Deshalb ist es eigentlich schade, dass dieser so wichtige Staatsvertrag, obwohl er natürlich auch nur ein Mosaikstein im Kampf gegen solche Entartungen ist, so wenig öffentliche Aufmerksamkeit findet. Ich meine, wir als Parlament

müssen auch einmal sagen: Man darf sich dem Thema nicht immer nur dann zuwenden, wenn das Kind in den Brunnen gefallen ist, sondern dem Thema „Kinder- und Jugendmedienschutz“ muss dauerhaft unsere Aufmerksamkeit gelten. Das ist eine gesamtgesellschaftliche Aufgabe.

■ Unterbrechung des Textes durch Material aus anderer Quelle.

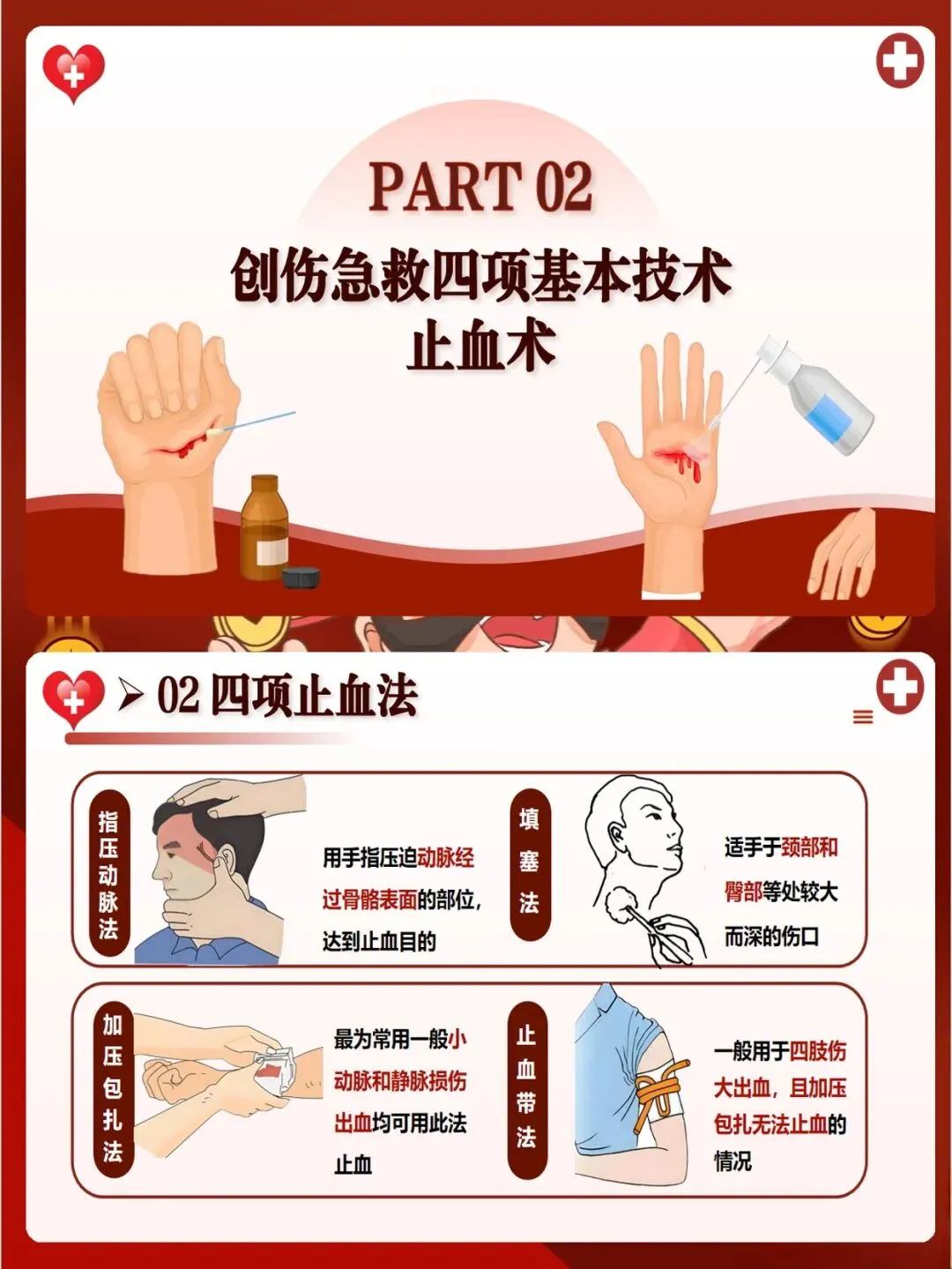 创伤是临床急诊的常见病种,多发于交通事故、高处坠落、意外伤害等场景。现场急救质量直接关系到伤员生命安全与预后,黄金救援时间往往以分钟计算。止血、包扎、固定、搬运是创伤现场急救的四项基本技术,掌握其规范操作流程是每一位医护人员的必备技能。以下从技术原理、操作要点、注意事项三个维度,系统梳理这四项核心技术的临床应用。一、止血技术:控制出血,挽救生命

(Beifall bei der CDU und der FDP/DVP)

Deshalb ist es wichtig, dass wir nicht nur ankündigen, sondern auch handeln: in Zukunft absolutes Verbreitungsverbot für jugendgefährdende Angebote, klare Begrenzungen für entwicklungsbeeinträchtigende Angebote in Form von Zeitgrenzen oder technischen Vorkehrungen, Kombination von Aufsicht und Selbstkontrolle, massive Erhöhung der Bußgelder. Ich bin stolz darauf, dass Baden-Württemberg dies im Prozess durchgesetzt hat; Kollege Pauli hat es erwähnt.

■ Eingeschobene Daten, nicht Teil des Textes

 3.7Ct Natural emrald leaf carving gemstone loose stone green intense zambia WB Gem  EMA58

Wir haben also jetzt erfolgreich einen weiteren Schritt gemacht, aber wir sind noch lange nicht am Ende. Wir müssen auch gegenüber dem Bundesgesetzgeber handeln. Deshalb habe ich wenig Verständnis dafür, verehrte Kolleginnen und Kollegen, dass eine Bundesratsinitiative, die auf Antrag Bayerns am 27. September vom Bundesrat mehrheitlich beschlossen worden ist, im Bundestag unlängst keine Mehrheit gefunden hat. Der Bundesrat begehrt vom Bundestag als nächsten Schritt ein absolutes Verbot von Killerspielen; der Bundesrat begehrt vom Bundestag ein Verbot für Darstellungen von Kindern und Jugendlichen in unnatürlicher, geschlechtsbetonter Körperhaltung auf Trägermedien und vieles andere mehr. Was machen denn die Anbieter? Die Anbieter verfremden und stellen nicht reale Kinder und Jugendliche dar, sondern Stellvertreter. Solche Darstellungen sind heute mit den digitalen Techniken möglich. Wir müssen jetzt weiter gehen. Ich kann nur darum bitten, für diese Aufgabe nicht alleine den Föderalismus in Anspruch zu nehmen, sondern dass auch der Bundesgesetzgeber handelt. Aber im Augenblick ist im Bundestag für die Beschlussfassung des Bundesrats keine Mehrheit in Sicht, weil gesagt wird, dass für derlei Dinge die polizeiliche Generalklausel ausreichen würde. Eine ganz sachliche und wichtige Maßnahme, die der Bundesrat beschlossen hat, findet zurzeit keine Mehrheit. Hier müssen wir weiterkommen.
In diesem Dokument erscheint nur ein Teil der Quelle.